8 questions about the Indian Republic Day you wanted to ask but never bothered to
If it is the Republic Day, we think the parade. And rightly so. For the pomp and pageantry that it displays is a sight for sore eyes. However, the republic day is much more and greater than just the sights and sounds. But, how much do we know about it beyond the obvious?
We answer seven questions that you always wanted to ask but you never bothered to.
1. Why is the Republic Day celebrated?
Simply put, the republic day marks India’s birth as a modern nation. Which is that we gave ourselves a constitution which came into force on January 26, 1950. But the Republic Day celebrations is actually a three-day affair which begins with the President taking the salute at the parade and ending with the soulful and stirring ‘beating the retreat’ ceremony at the capital’s Vijay Chowk.
2. But why specifically on January 26 and not any other date?
The constituent assembly of India had actually signed off on the new constitution of independent India on 26 November 1949. However, the official promulgation was deferred to January 26 to mark the call of Purna Swaraj (complete self-rule) given by Jawaharlal Nehru on the banks of the river Ravi in Lahore in 1930.
3. What is so special about the Indian constitution?
It is a remarkable document. First of all it is the longest constitution on the world. But even more, it laid down the idea of India. Democracy, respect for and freedom to practise any religion or faith; the universal right to vote (this was in 1950, when the US allowed the Blacks to vote only a full 15 years later); were all the gifts of the Constitution.
But more importantly, the Constitution stands starkly forth for the vision it embodied in very tumultuous times. When the constituent assembly was debating the character and provisions of the constitution, this was the context: Barbaric partition riots in which at least about a million people were killed; the largest migration of humans in history estimated at 14 million; war with Pakistan over Kashmir, the Bengal famine which had taken the lives of up to 3 million people, amongst others.
It is a tribute to the character and sagacity of the fathers of our constitution that they produced such a modern contract for the people of India in the most trying circumstances imaginable. If India has not gone the Pakistan way, we have largely to thank the amazing body of men who framed the Constitution.
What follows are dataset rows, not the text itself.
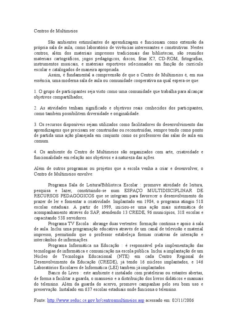 Fonte: http://www.seduc.ce.gov.br/centrosmultimeios.asp acessado em: 02/11/2006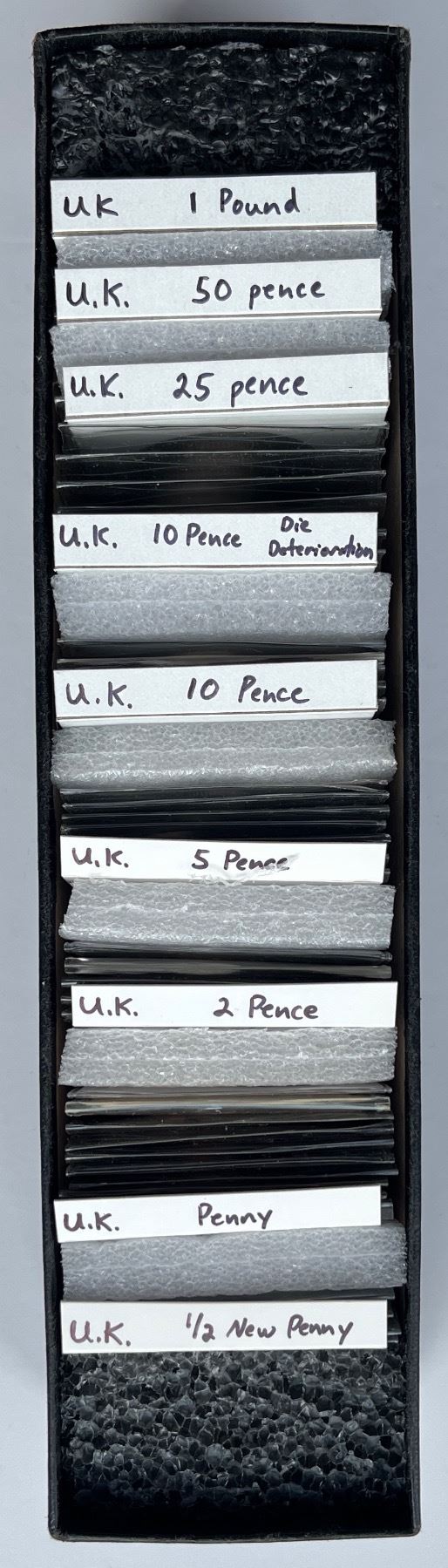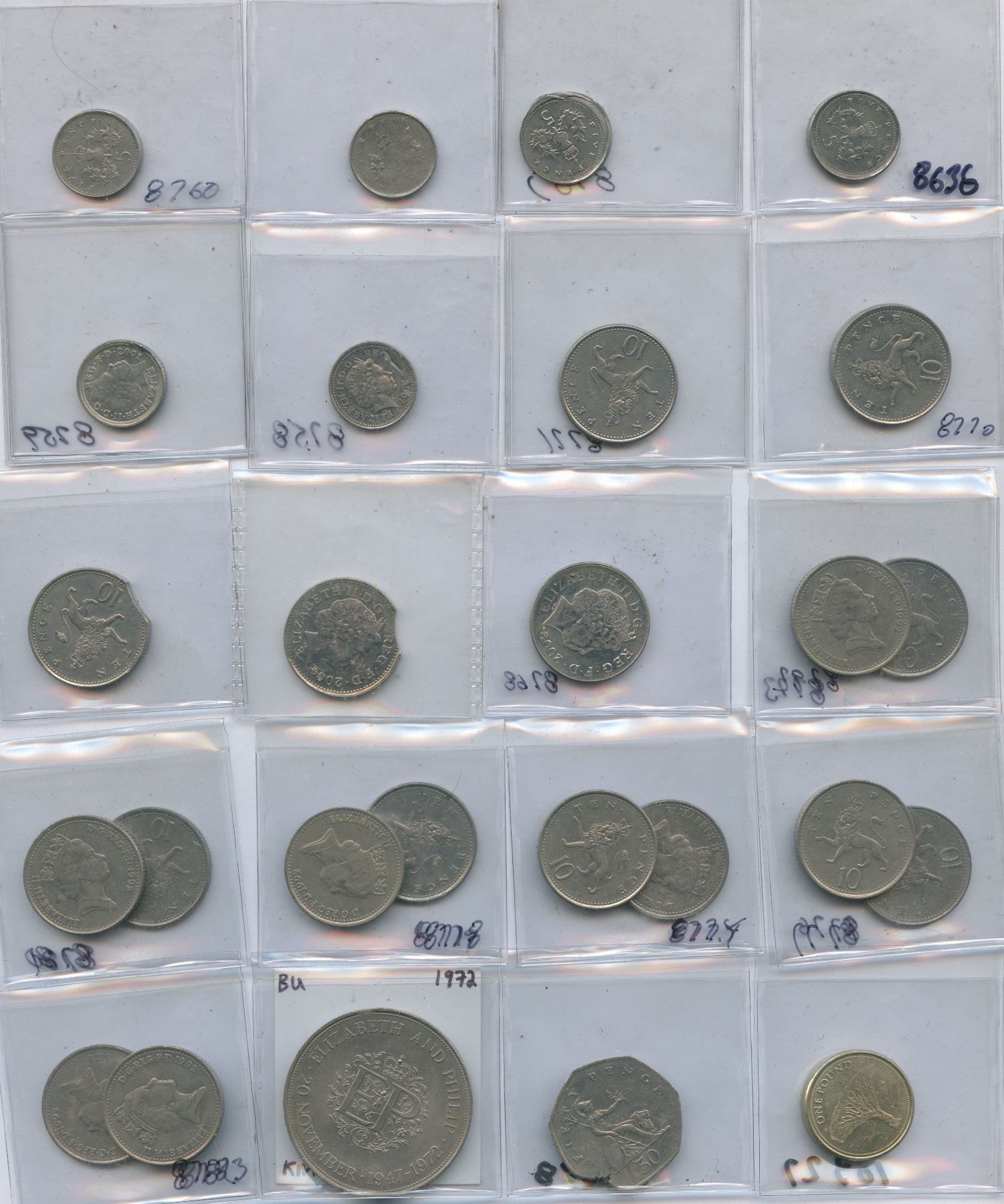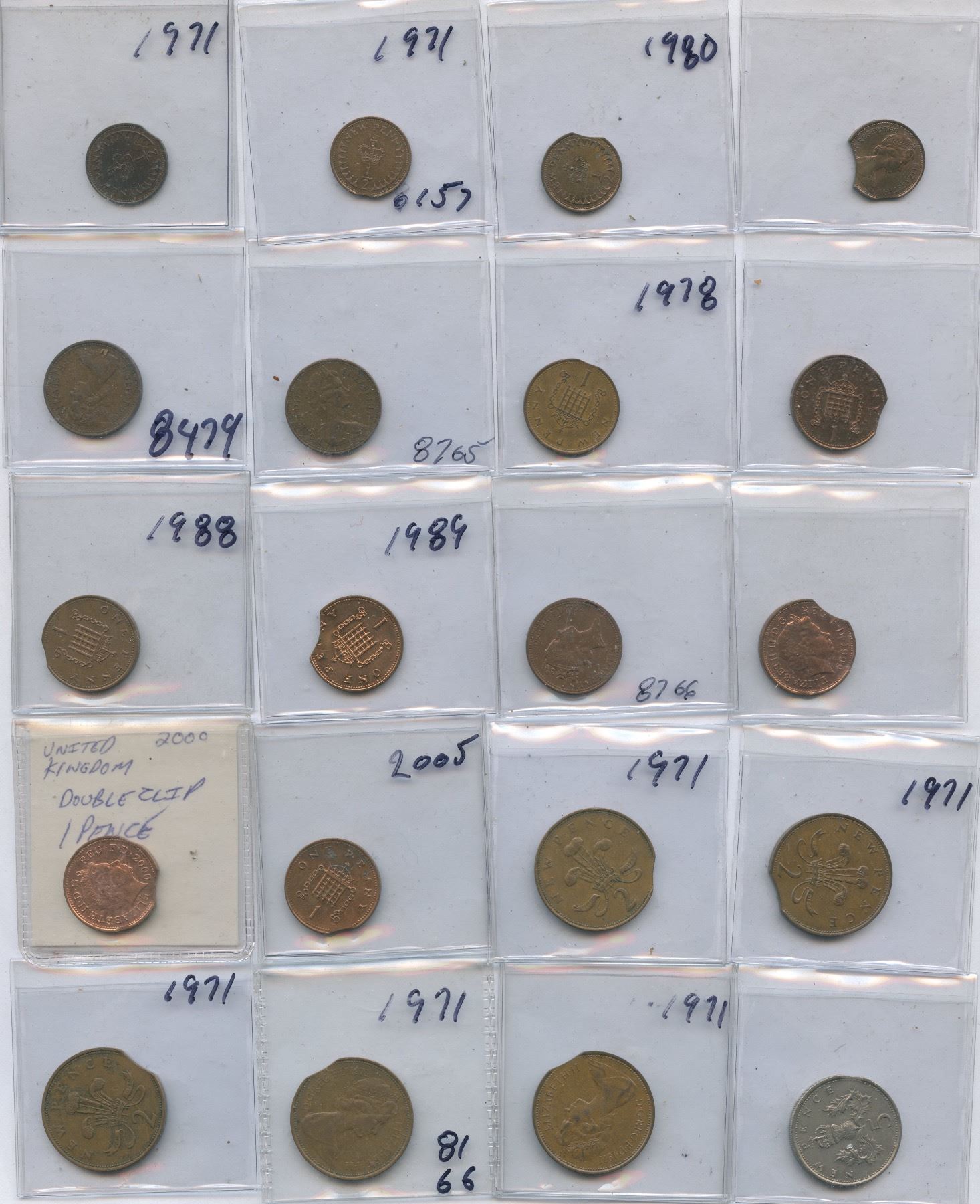 Lot of 40 Great Britain decimal coin errors, 1971 and newer. Some errors are significant, while others are minor. Coins are in various condition, from VF to BU. Patrick Glassford Collection.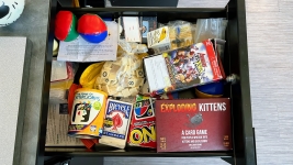 Bring your friends anytime and play one (or more) of the many current and classic board games we collect. We also have board games you can borrow for game night at home.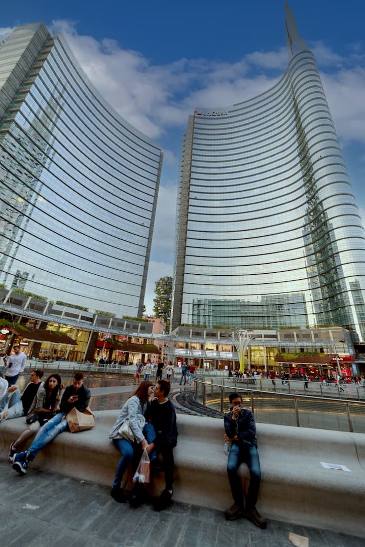 Fotografías de grupo en la Piazza Duomo y la Galería Vittorio Emanuele, seguidas de tomas en la Piazza Gae Aulenti, Navigli o City Life. Oferta para un mínimo de 5 personas.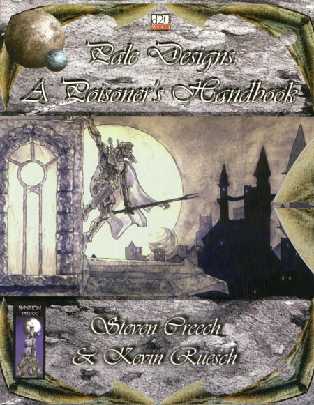 Item Code: #BAS1007 Title: Pale Designs: A Poisoner's Handbook Type: Accessory Author: Steven Creech & Kevin Ruesch Published: 2002 Publisher: Bastion Press Format: 96-page perfect-bound book |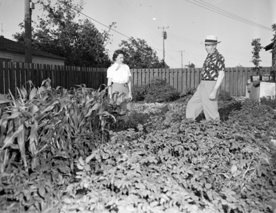 This backyard garden of the V. G. Griffing was formerly a rocky hill. The Griffing family built the soil from a compost box and already is eating many vegetables including tomatoes. In this picture Mr. and Mrs. Griffing are enjoying the garden.

4. Where is the original constitution kept?
The original constitution is a hand-written document that is kept in a helium-filled case at the Parliament library in New Delhi. There are two copies, one each in English and Hindi.
5. What is the composition of the parade?
The event is easily the most spectacular regular parade anywhere in the world. The parade involves over 25 marching and cavalry contingents, more than 20 military bands, 30 or more cultural tableaux and a flypast of over three dozen aircrafts. The parade is marked by the participation of over a 1,500 schoolchildren and NCC cadets.
6. What is the route of the parade?
The Republic Day Parade takes places on the Rajpath which begins at the Vijay Chowk, right in front of the imposing gates of the Rashtrapati Bhawan, flanked by the North and South Block. It then winds it way around the India Gate and along the avenues of Lutyen’s Delhi to culminate at the Red Fort in Old Delhi – a distance of almost 7 kms.
7. Were the first few republic days held at Rajpath?
No, the first few were merely military march pasts which were held until 1954 on Kingsway, Lal Kila, and the Ramlila Ground, all in Delhi. It was only in 1955 that the parade acquired its current site and expanded form. The biggest change being the introduction of cultural pageantry, to what was until then a strictly military affair.
8. Who have been the chief guests at the republic day parade before President Obama?
President Sukarno of Indonesia was the chief guest at the first republic day in 1950. In 1955, when the parade was moved to its present location at Rajpath, Governor General Malik Ghulam Muhammad of Pakistan had the honour. The present queen of England Elizabeth was the chief guest in 1961 and President Nelson Mandela of South Africa in 1995. King Abdullah bin Abdulaziz al-Saud of Saudi Arabia, who expired a few days ago, was the chief guest in 2006. President Vladimir Putin of Russia attended in 2007 and the current Japanese Prime Minister Shinzo Abe was the most recent guest of honour, preceding President Obama.